SkillAgentSearch skills...

Healthchecks

Open-source cron job and background task monitoring service, written in Python & Django

Install / Use

/learn @healthchecks/Healthchecks
About this skill

Quality Score

0/100

Category

Operations

Supported Platforms

Universal

README

Healthchecks

Tests Coverage Status

Healthchecks is a cron job monitoring service. It listens for HTTP requests and email messages ("pings") from your cron jobs and scheduled tasks ("checks"). When a ping does not arrive on time, Healthchecks sends out alerts.

Healthchecks comes with a web dashboard, API, 25+ integrations for delivering notifications, monthly email reports, WebAuthn 2FA support, team management features: projects, team members, read-only access.

The building blocks are:

  • Python 3.12+
  • Django 6.0
  • PostgreSQL, MySQL or MariaDB

Healthchecks is licensed under the BSD 3-clause license.

Healthchecks is available as a hosted service at https://healthchecks.io/.

A Dockerfile and pre-built Docker images are available.

Screenshots:

The "My Checks" screen. Shows the status of all your cron jobs in a live-updating dashboard.

Screenshot of My Checks page

Each check has configurable Period and Grace Time parameters. Period is the expected time between pings. Grace Time specifies how long to wait before sending out alerts when a job is running late.

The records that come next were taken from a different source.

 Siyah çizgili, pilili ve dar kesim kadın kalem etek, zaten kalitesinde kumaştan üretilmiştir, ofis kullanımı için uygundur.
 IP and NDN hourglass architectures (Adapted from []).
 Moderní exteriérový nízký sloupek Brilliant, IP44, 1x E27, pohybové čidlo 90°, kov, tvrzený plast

Screenshot of Period/Grace dialog

Alternatively, you can define the expected schedules using a cron expressions. Healthchecks uses the cronsim library to parse and evaluate cron expressions.

Screenshot of Cron dialog

Check details page, with a live-updating event log.

Screenshot of Check Details page

Healthchecks provides status badges with public but hard-to-guess URLs. You can use them in your READMEs, dashboards, or status pages.

Screenshot of Badges page

Setting Up for Development

If you are planning to developing Healthchecks, please read CONTRIBUTING.md.

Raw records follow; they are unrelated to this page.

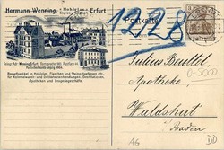 Hermann Wenning, Hohlglas-Grosshandlung, Johannesstraße 151, founded 1871. Postcard sent to Glashüttenwerke Greiner & Co. of Demitz-Thumitz, Saxony, dated Erfurt, 29th July 1947. (. N.B. Close enlargement PRIOR to opening another picture!) ×
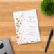 This chic wedding suite with it's warm sunny colour palette, handwritten script font and delicate wildflower arrangements has a timeless and sophisticated look that will impress your guests and help make your special day unforgettable. The striking acrylic wedding invitation, shown here on white with airy wildflower borders on a transparent background, provides a template to easily add your event details. Search ID1023 to see all the products in this wedding suite.
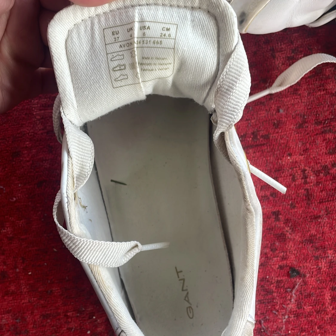 Snygga vita sneakers från Gant med snörning och guldfärgade detaljer. Skorna har en bekväm passform och en stilren design med en mjuk vaddering vid hälen för extra komfort.
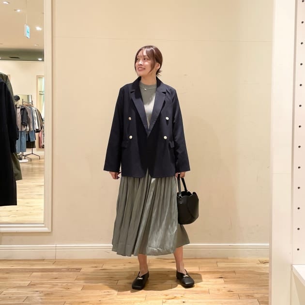 ジャケットとセットアップ風のアイテムを組み合わせることで、バランスの良いきれいめスタイルが完成します♡
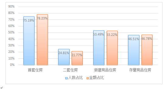 從貸款群體來看,剛需與改善型住房需求職工分別占貸款總?cè)藬?shù)的26.3%和66.75%。從單位性質(zhì)來看,以城鎮(zhèn)私營企業(yè)及其他城鎮(zhèn)企業(yè)職工為主,貸款筆數(shù)和貸款金額占比分別為60.01%、58.33%。從購房面積來看,職工貸款購買90(不含)-120㎡房屋居多,占貸款總?cè)藬?shù)的40.44%。從主借人繳存基數(shù)來看,貸款主要以中、低收入職工為主,分別占貸款總?cè)藬?shù)的25.81%、72.76%。從貸款類型來看,純公積金貸款和組合貸款占比分別為37.08%、62.92%。從貸款結(jié)構(gòu)來看,首套住房公積金貸款職工占貸款總?cè)藬?shù)的75.19%,二套住房公積金貸款人數(shù)占24.81%。具體放貸結(jié)構(gòu)如下:
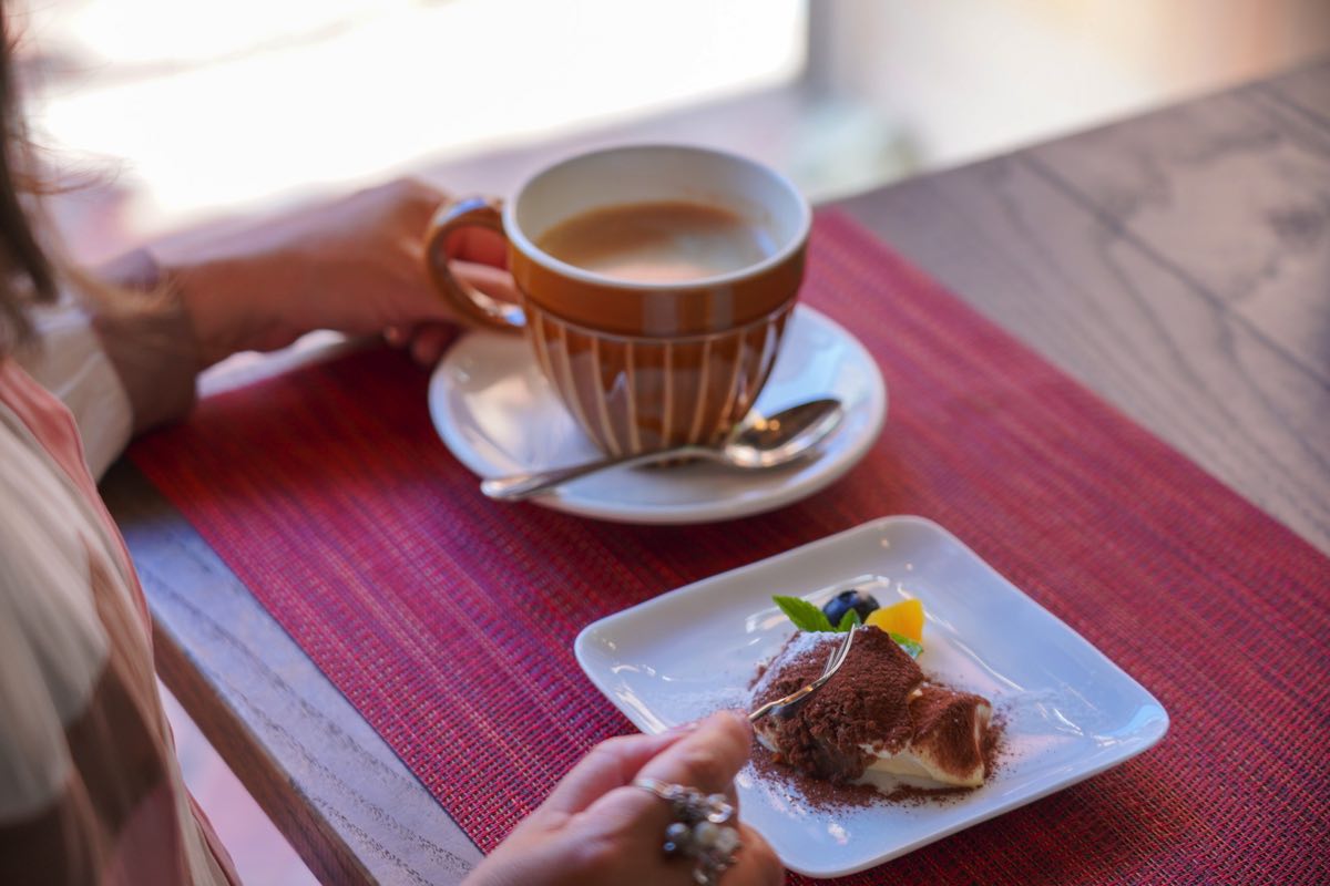 イタリアのドルチェと言ったらこれ、ティラミス~。カカオ香るココアパウダーがたっぷりかけて仕上げ、クリーミーなマスカルポーネとほろ苦コーヒーが大人のプチ贅沢なスイーツタイムを彩る。
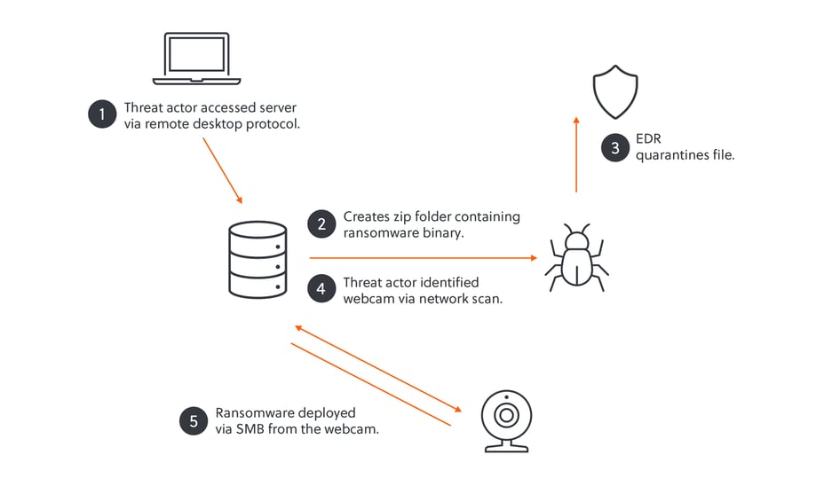 After identifying the webcam as a suitable target, the threat actor began deploying their Linux-based ransomware with little delay. As the device was not being monitored, the victim organisation's security team were unaware of the increase in malicious Server Message Block (SMB) traffic from the webcam to the impacted server, which otherwise may have alerted them.[1] Akira was subsequently able to encrypt files across the victim’s network.[2]

To set up Healthchecks development environment:

  • Install dependencies (Debian/Ubuntu):

    sudo apt update
    sudo apt install -y gcc python3-dev python3-venv libpq-dev libcurl4-openssl-dev libssl-dev
    
  • Prepare directory for project code and virtualenv. Feel free to use a different location:

    mkdir -p ~/webapps
    cd ~/webapps
    
  • Prepare virtual environment (with virtualenv you get pip, we'll use it soon to install requirements):

    python3 -m venv .venv
    source .venv/bin/activate
    pip3 install wheel # make sure wheel is installed in the venv
    
  • Check out project code:

    git clone https://github.com/healthchecks/healthchecks.git
    
  • Install requirements (Django, ...) into virtualenv:

    pip install -r healthchecks/requirements.txt -r healthchecks/requirements-dev.txt
    
  • macOS only - pycurl needs to be reinstalled using the following method (assumes OpenSSL was installed using brew):

    export PYCURL_VERSION=`cat requirements.txt | grep pycurl | cut -d '=' -f3`
    export OPENSSL_LOCATION=`brew --prefix openssl`
    export PYCURL_SSL_LIBRARY=openssl
    export LDFLAGS=-L$OPENSSL_LOCATION/lib
    export CPPFLAGS=-I$OPENSSL_LOCATION/include
    pip uninstall -y pycurl
    pip install pycurl==$PYCURL_VERSION --compile --no-cache-dir
    
  • Create database tables and a superuser account:

    cd ~/webapps/healthchecks
    ./manage.py migrate
    ./manage.py createsuperuser
    

    With the default configuration, Healthchecks stores data in a SQLite file hc.sqlite in the checkout directory (~/webapps/healthchecks).

  • Run tests:

    ./manage.py test
    
  • Run development server:

    ./manage.py runserver
    

The site should now be running at http://localhost:8000. To access Django administration site, log in as a superuser, then visit http://localhost:8000/admin/

Configuration

Healthchecks reads configuration from environment variables. See the full list of configuration parameters you can set via environment variables.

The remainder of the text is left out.